Corpus Christi, Texas; United States;
- Broadcast area: Corpus Christi metropolitan area
- Frequency: 96.5 MHz
- Branding: The Beach 96.5

Programming
- Format: Hot adult contemporary

Ownership
- Owner: Starlite Broadcasting
- Sister stations: KLHB

History
- First air date: September 1, 1967
- Former call signs: KIOU (1967–1987)
- Call sign meaning: Light (previous format)

Technical information
- Licensing authority: FCC
- Facility ID: 63342
- Class: C1
- Power: 100,000 watts
- HAAT: 247 meters (810 ft)
- Transmitter coordinates: 27°44′28″N 97°36′8″W﻿ / ﻿27.74111°N 97.60222°W

Links
- Public license information: Public file; LMS;
- Webcast: Listen live
- Website: Beach965.com

= KLTG =

Radio station in Corpus Christi, Texas

KLTG (96.5 FM, "The Beach 96.5") is a commercial radio station licensed to Corpus Christi, Texas, United States, broadcasting a hot adult contemporary format. it is owned by Starlite Broadcasting with studios on Gordon Street in the Six Points district south of downtown Corpus Christi.
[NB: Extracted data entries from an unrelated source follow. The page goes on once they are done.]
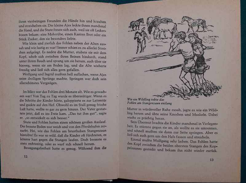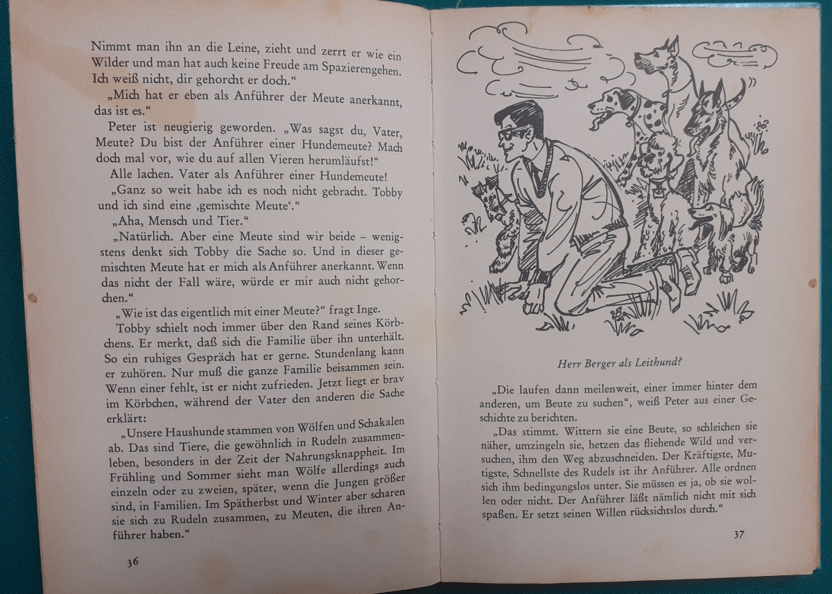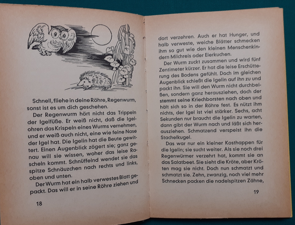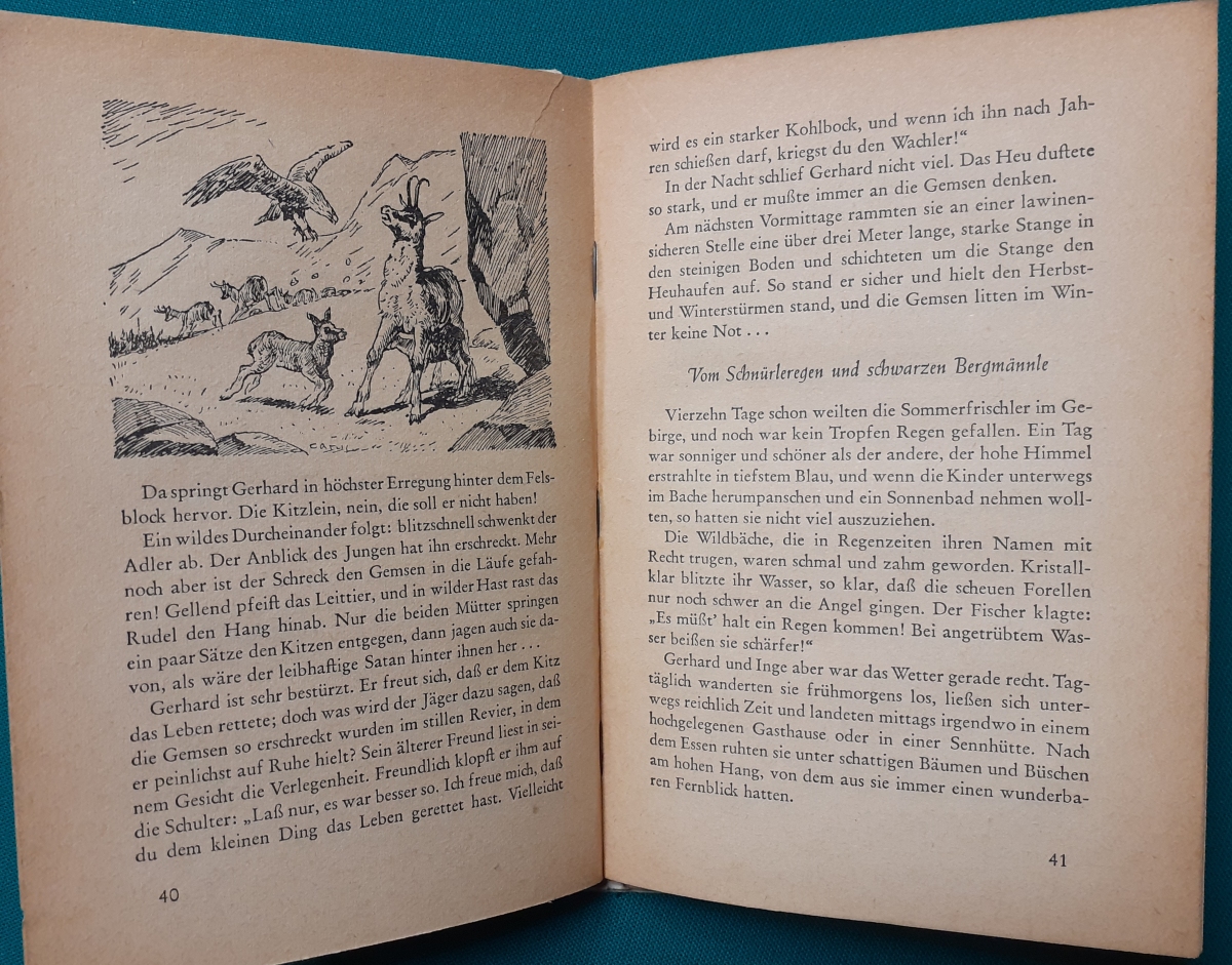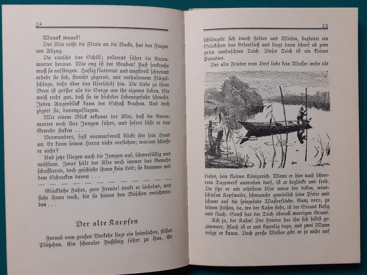 aus dem Erich Kloss: Förster Specht und seine Füchse Illustrationen von Adalbert Meckel, Ausgabe von 1950, 80 Seiten, Leinenrücken mit festem lackierten Hartpappeinband; etwas an den Buchkanten bestoßen; recht guter altersgemäßer Zustand Preis: 8 EURO |
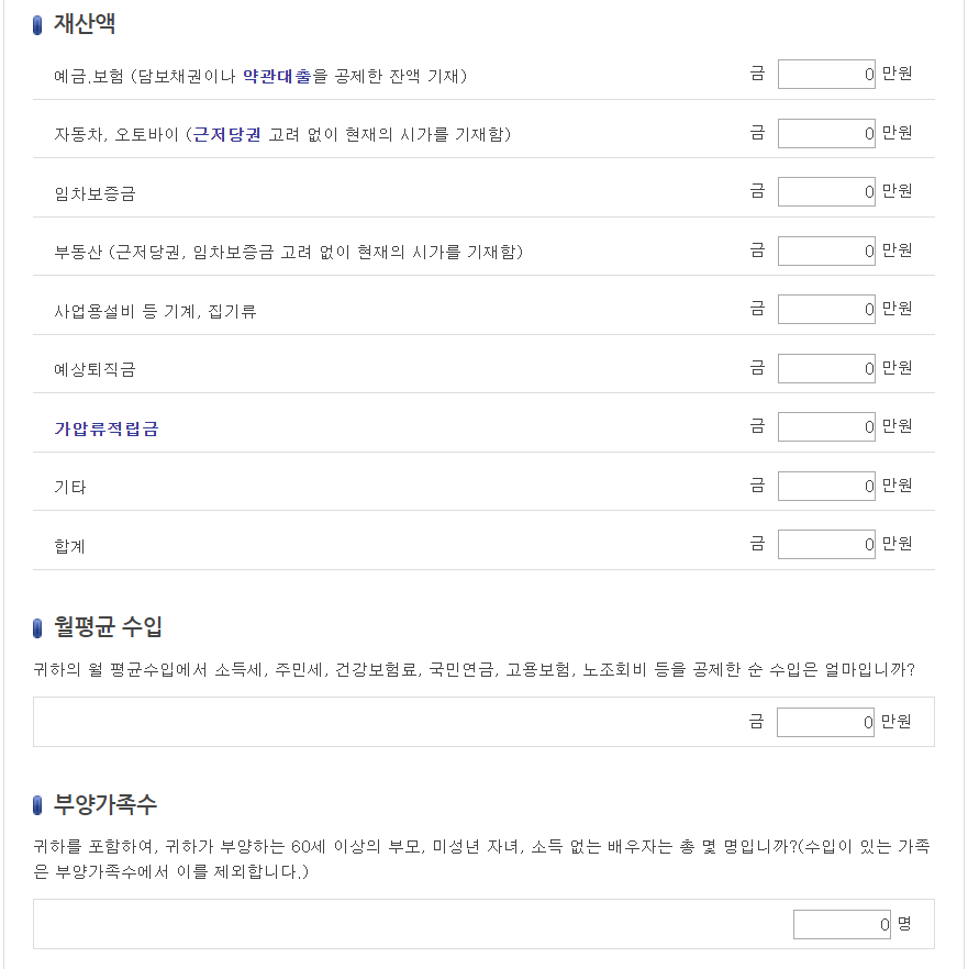 개인회생 자가진단은 입력한 정보 채권액, 재산액, 월평균 수입을 기초로 개인회생신청 대상자 여부, 개략적인 변제계획안의 내용이 확인 가능합니다.
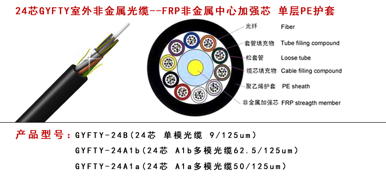 24芯GYFTY非金屬光纜具有良好的機械性能和溫度性能
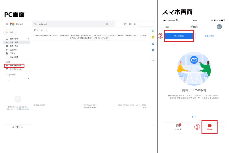 パソコンの場合は、左側にある「Meet」という項目から「会議を新規作成」を選択しましょう。スマホの場合は画面下にある「Meet」をタップすると自動的にGoogle Meetアプリが起動するので、「①Google Meetから開始する場合」と同じ手順で操作してください。
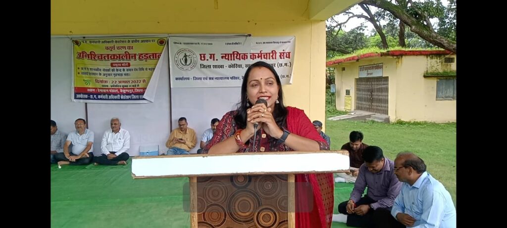 आज के आंदोलन में मंच पर जिला पंचायत अध्यक्ष रेणुका सिंह,जिला पंचायत सदस्य सुनीता देवी कुर्रे,अधिवक्ता संघ के उपाध्यक्ष एल आर रवि धरना स्थल पर पहुंच कर अपना समर्थन दिए और कर्मचारियों और कर्मचारियों का उत्साहवर्धन किए।
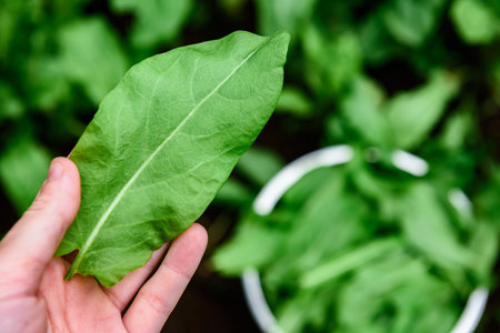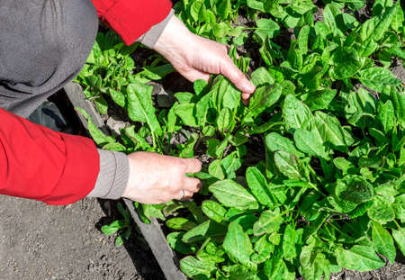The gardener collects fresh sorrel leaves in the garden. The first spring vegetable harvest
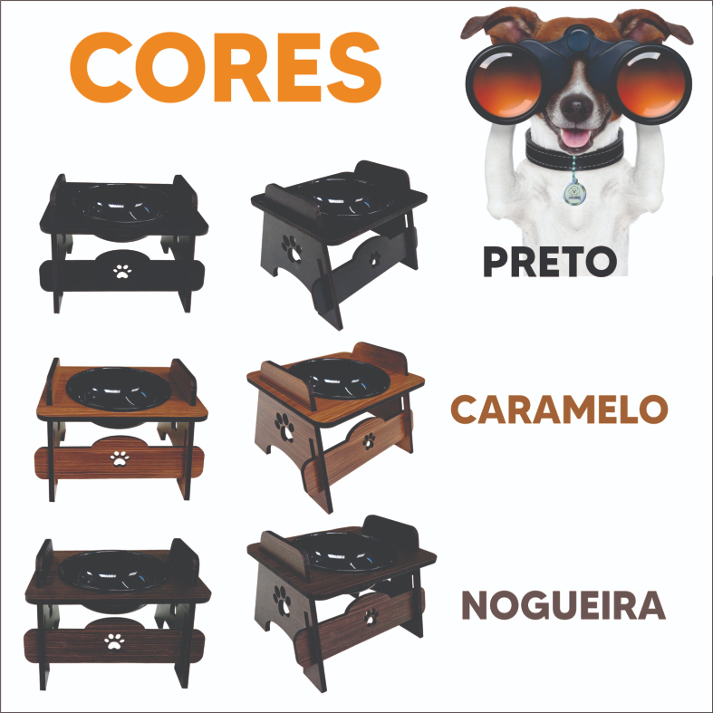 Comedouro Elevado Inclinável Pet Ração e Água Para Cachorros e Gatos em MDF 6MM Com 1 ou 2 Potes Tigelas
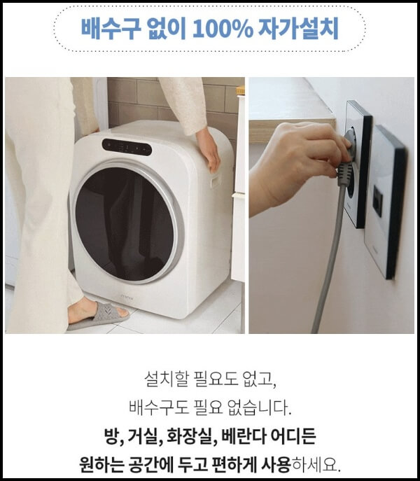 말 그대로 설치랄 게 없고 배수구도 필요 없어서 베란다가 없는 오피스텔이나 원룸에서도 사용할 수 있다는 점이 가장 큰 장점입니다. 여자 혼자서 들기에도 괜찮은 무게이고 간단하게 코드만 꼽아서 쓰면 되기 때문에 굳이 건조기 선반도 필요없어요. 언제든 이사해도 손쉬울 정도로 짐을 가볍게 꾸리는 걸 좋아하는 미니멀리스트에게 특히 추천인데요. 하지만 앞서 얘기했듯이 베란다까지는 아니더라도 창문이 있는 환기가 잘되는 곳에 위치해주는 것이 좋습니다.
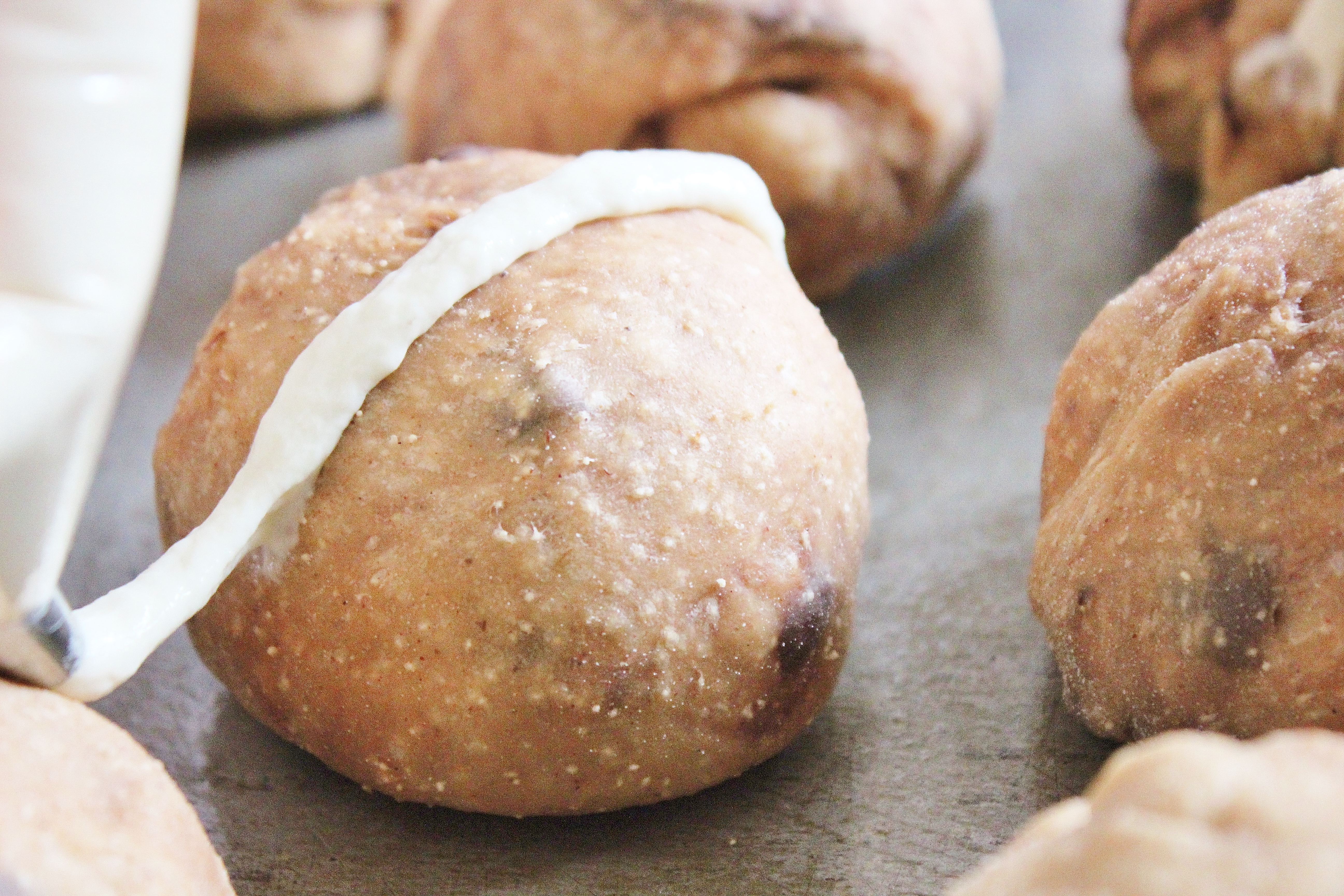 Grab your risen dough and huddle them closer in together, so that they’re just touching. Pipe the crosses over them.
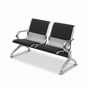 longarina slim de 2 lugares, com estrutura em aço pintado, assento e encosto em PVC
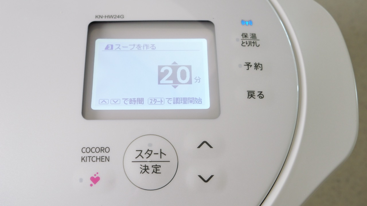 本体に内鍋をセットしてフタを閉め、手動で作る→スープを作る(まぜない)20分で加熱をスタートします。
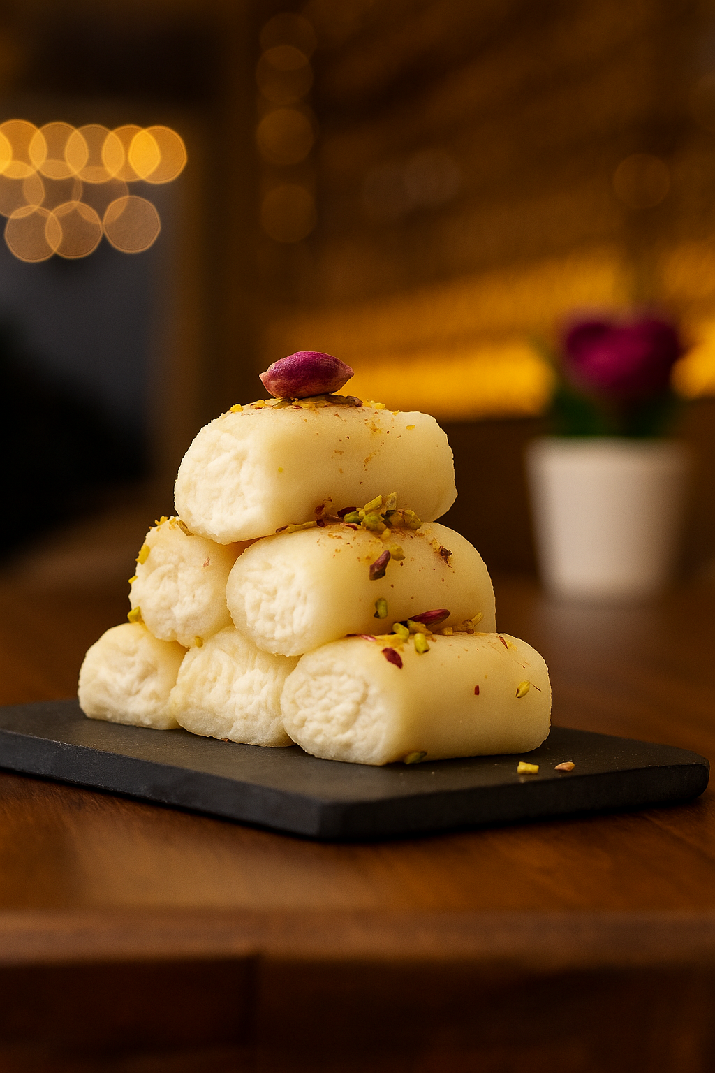 حلاوة الجبن الطرية المحشوة بالقشطة والمزينة بالفستق الحلبي.
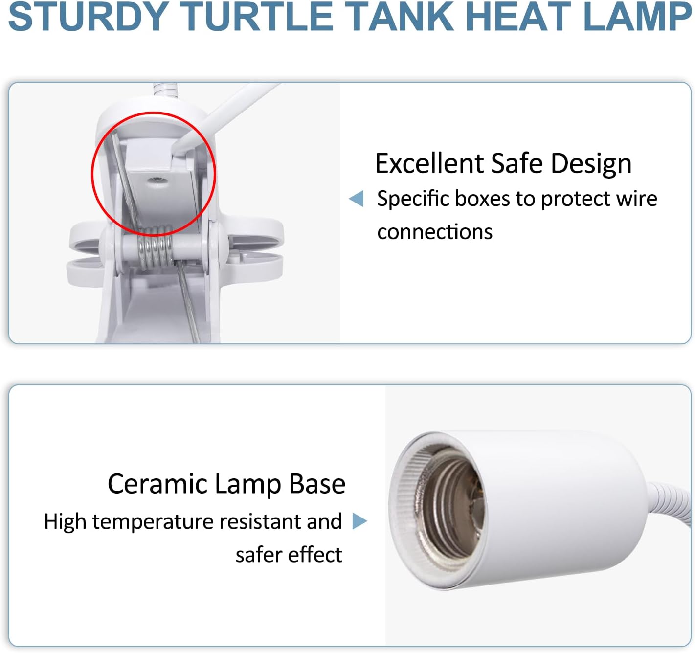 【Ceramic Lamp Socket】-The lamp socket of the turtle heat lamp is made of high-quality ceramic material. The ceramic material is resistant to high temperature and will not melt after long-term use. The ceramic lamp holder of the turtle light is made of worldnet027-inclusive metal. There is a safety spring at the bottom of the tortoise lamp holder, which can be well compatible with the bulb. This turtle tank lights is very safe and durable.(No Bulb)
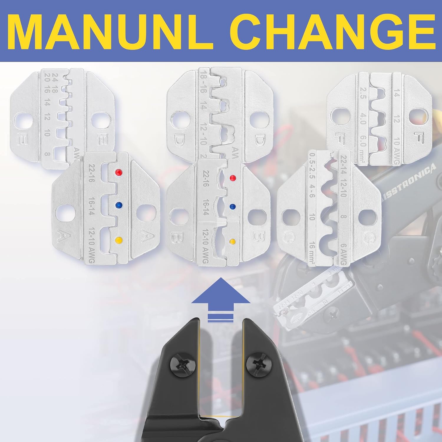 - Choose Without Barriers-Your equipment should never hold you back; When you need to change different wire connectors,the AWG-marked chrome-plated crimp dies offer you 6 options including heat shrink connectors,Insulated and nylon wire terminals,Non-insulated terminals,Insulated cable-end sleeves,open barrel terminals and solar connectors.Easy to operate, no confusion!

The transmitter is on Texas State Highway 188 in Taft.

==History==
The station signed on the air on September 1, 1967. The original call sign was KIOU, owned by the Stereo Broadcasting Company with studios at Wilson Tower. Stephen DeWalt was the president and general manager. KIOU was a rare stand-alone FM station in that era, when most FM stations were co-owned with an AM or TV broadcaster. It was powered at 25,000 watts, a fraction of its current output.

Through most of its first two decades, KIOU aired a beautiful music format. It played quarter-hour sweeps of soft instrumental cover versions of popular adult songs, with Broadway and Hollywood show tunes.

By the mid-1980s, the audience for beautiful music stations was aging. KIOU added more vocals to appeal to a younger audience. It gradually eliminated the instrumentals, becoming a soft adult contemporary outlet. In 1987, it changed its call letters to KLTG as it aired "light" music. In the 1990s, it was owned by Nueces Radio Partners and was a mainstream AC station. In the early 2000s, it stepped up the tempo and eliminated older songs from its playlist, transitioning to adult top 40.